A very worrying look at how the GP’s job has changed in the last 30 years. [LONG READ]

Researchers are discovering that bones are a lot more than bits of scaffolding.

How does what you eat affect your sleep, and vice versa?

What happens when depression collides with the menopause and perimenopause? [LONG READ]

Oh dear! Apparently everything we thought we knew about posture is wrong. [LONG READ] [£££££]

At last some good news … Apparently dark chocolate (at least in moderation) is good for your health, and for the microbiome.


Sexuality

So here’s a relationship therapist on how to have better sex.


Environment

Cranes were reintroduced to Britain in the late 1970s, and now they’ve had their best year for 400 years.


History, Archaeology, Anthropology

A fossil of a large pterosaur has been found on the Isle of Skye.

Recent research is suggesting that the meteor which killed off the dinosaurs fell to Earth in the Spring.

Palaeontologists are coming to the conclusion that the extinction of the Neanderthals was not caused by the brutal domination of Homo sapiens.

Remains of woolly mammoth, and some other Ice Age remains have been found in Devon.

Some important prehistoric chalk sculptures, thought to be childhood artefacts, have been uncovered in Yorkshire.

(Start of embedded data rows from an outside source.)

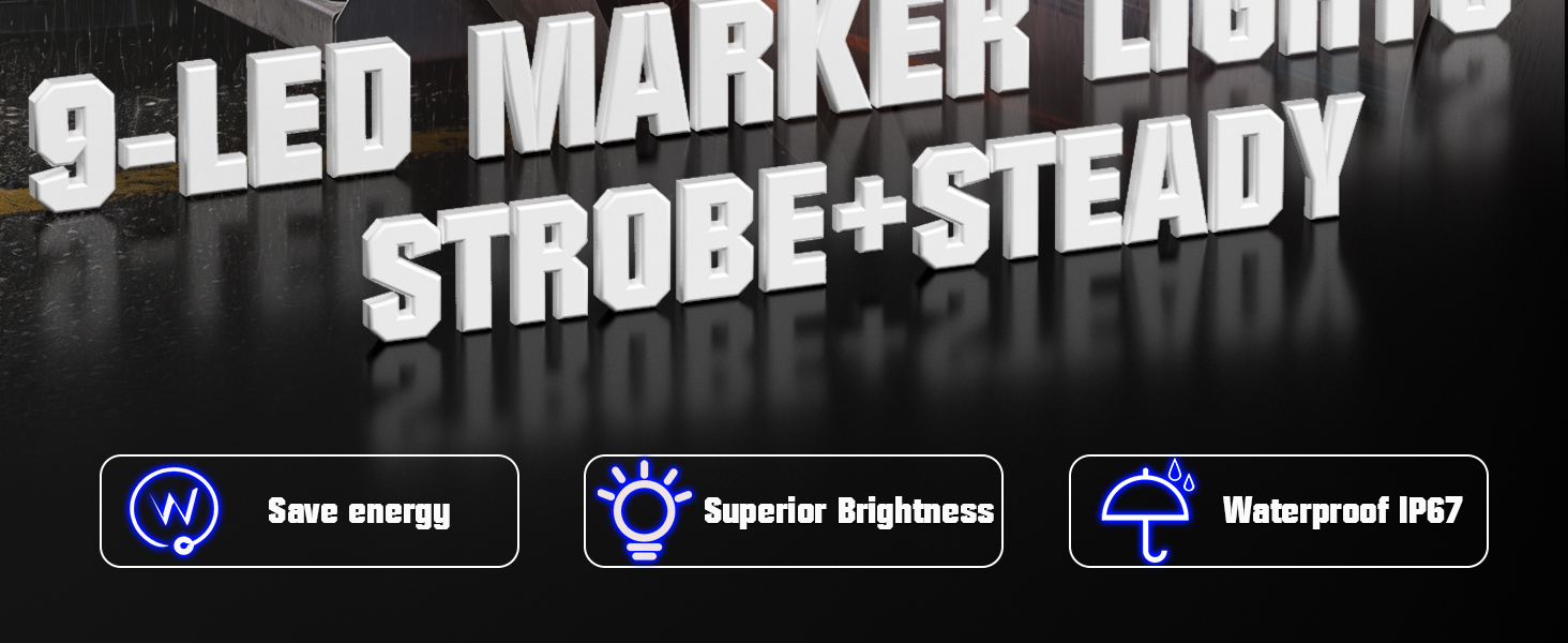 (Dual Function Trailer Marker Lights): One light has two lighting functions, which integrates marker light and flash strobe light;Perfect for use as trailer marker lights, auxiliary lights, clearance lights, identification lights, tail lights, signal lights, position lights, rear indicator lights, pedal lights, bumper lights, grille lights, rock lights, underglow, wheel well lights, or chassis lights, etc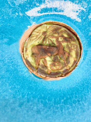 GRAND PLAT « BLUE & YELLOW » EN BARBOTINE – 1950s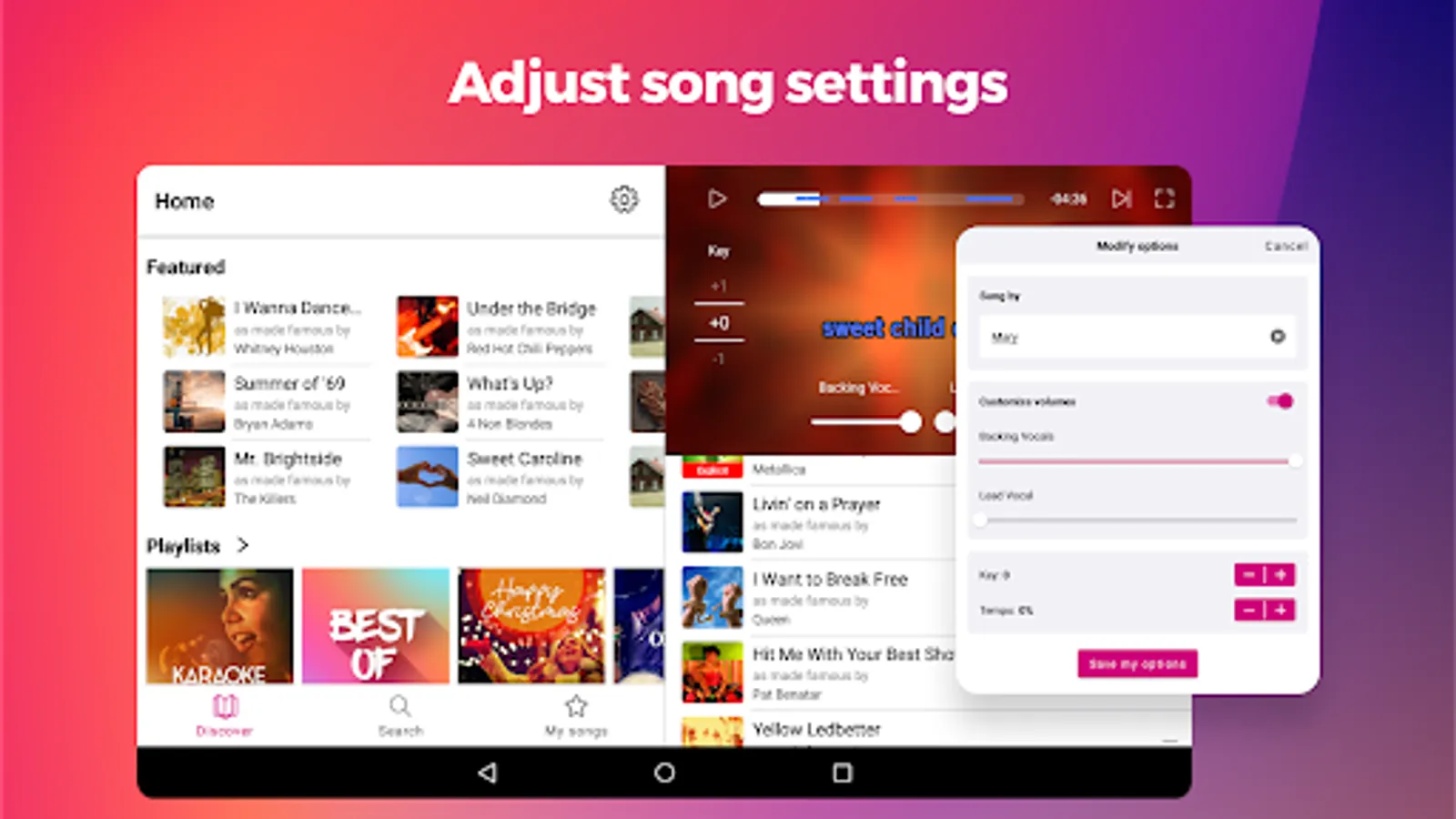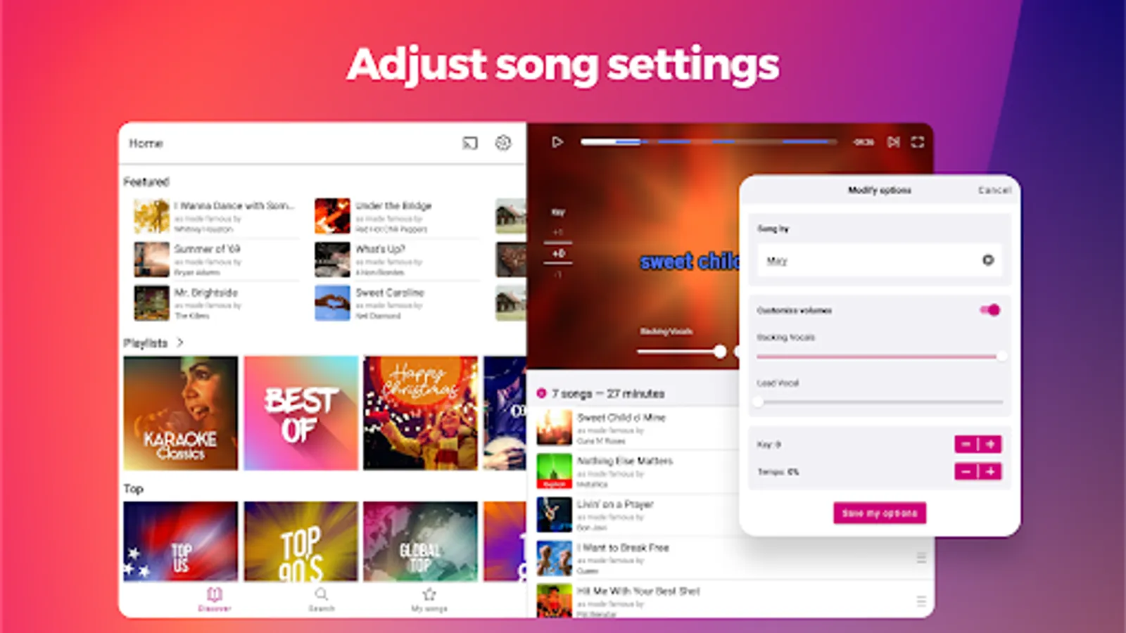 Unlock the full catalog of songs, and music quiz, sync your favorites for offline use, create custom playlists, and personalize your experience by adjusting vocal volumes, key, and tempo to suit your style.

Trousers are one of those wonders of civilisation in that their construction is not overtly simple or logical. So it’s astonishing that the oldest known “pants” seem to have originated in Asia, and a pair is survived around 3000 years. And the weaving is absolutely amazing.

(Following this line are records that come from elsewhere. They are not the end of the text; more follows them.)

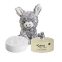 Kaloo Les Amis est le parfum Premium de la gamme Kaloo. Constitué d’une céramique finement élaborée, le bouchon peut vaporiser la fragrance et la diffuser ensuite délicatement dans la chambre d’enfant. Le parfum est sans alcool, testé cliniquement et absolument inoffensif pour bébé. Chaque senteur est joliment empaquetée avec une douce peluche âne.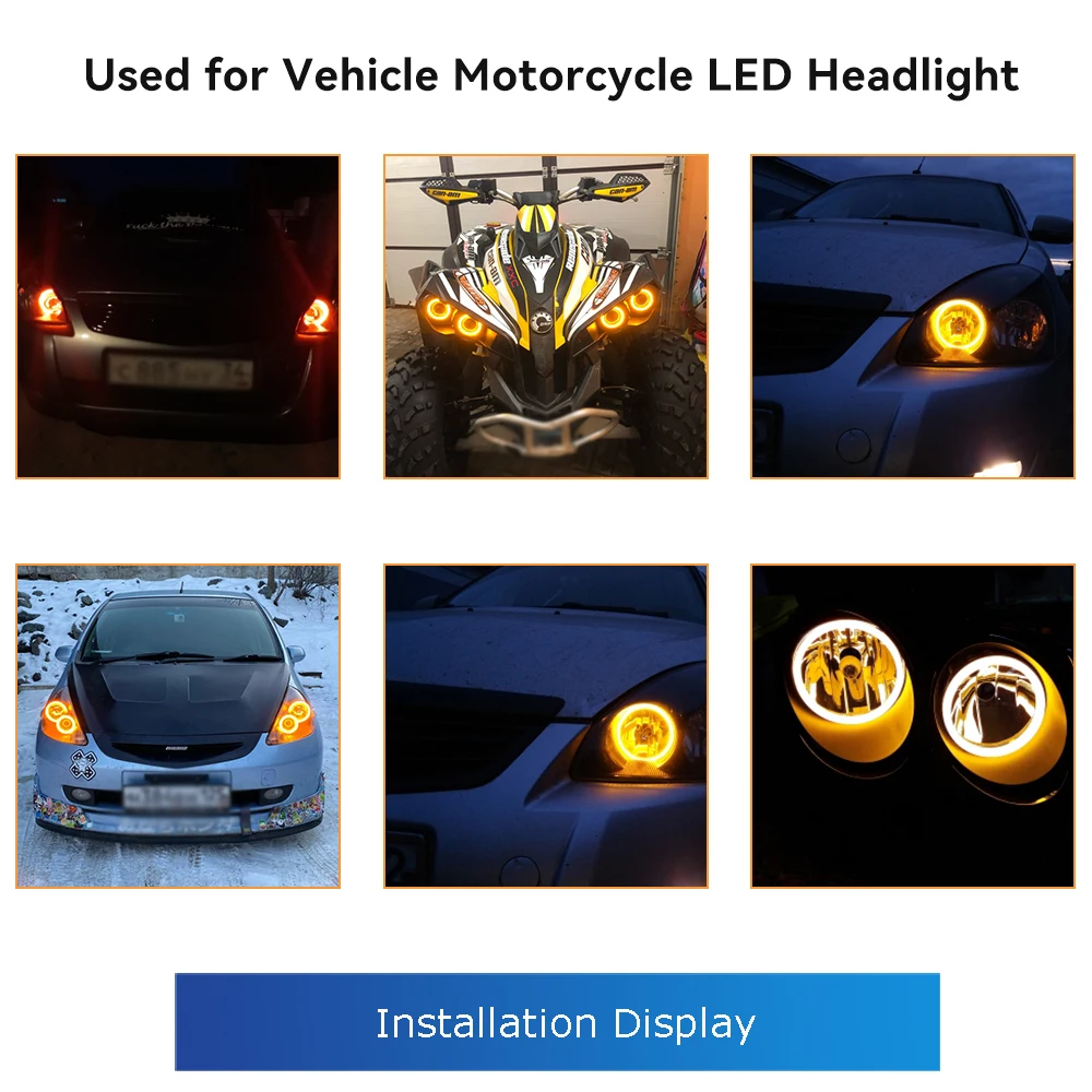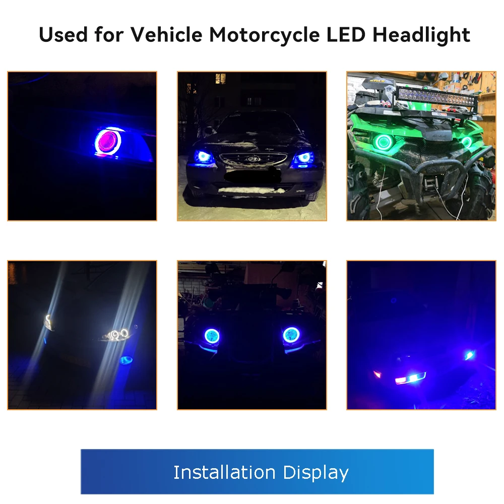 > Применение: ангельские глазки, противотуманные фары, светодиодный фонарь, подходит для автомобиля, автомобиля, мотоцикла, скутера.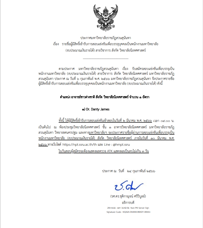 > ประกาศรายชื่อผู้มีสิทธิ์เข้ารับการสอบแข่งขันเพื่อบรรจุบุคคลเป็นพนักงานมหาวิทยาลัย (งบประมาณเงินรายได้) สายวิชาการ สังกัด วิทยาลัยนิเทศศาสตร์ ตำแหน่ง อาจารย์ชาวต่างชาติ สังกัด วิทยาลัยนิเทศศาสตร์ จำนวน 1 อัตรา

Back at home, Museum of London archaeologists have found an 8m Roman mosaic floor in Southwark, just south of the Thames.

Here’s our favourite Medieval Historian on the power and influence of women in medieval times. [LONG READ]

Still with the medieval, researchers have found what appears to be the earliest known account of ball lightning in England, dating from 1195.


London

Just one London item this month … the Museum of London will close this December for 4 years, while it moves to its new home in the old Smithfield Market.


Lifestyle, Personal Development, Beliefs

And finally in this issue … British Naturism has, again, pointed out that it is not illegal to go naked in your back garden, and that it is not a matter for the police.


Christmas Amusement Answers

Back on Christmas Day I posted a link to the 2021-22 King William’s College General Knowledge Paper.

The Guardian have today published the official answers at https://www.theguardian.com/games/2022/feb/27/the-king-williams-college-quiz-2021-the-answers.

No I’ve no idea how well I did – except it’s guaranteed to be badly – as I consigned my answer sheet to the recycling a couple of weeks ago. Anyways round you probably did better!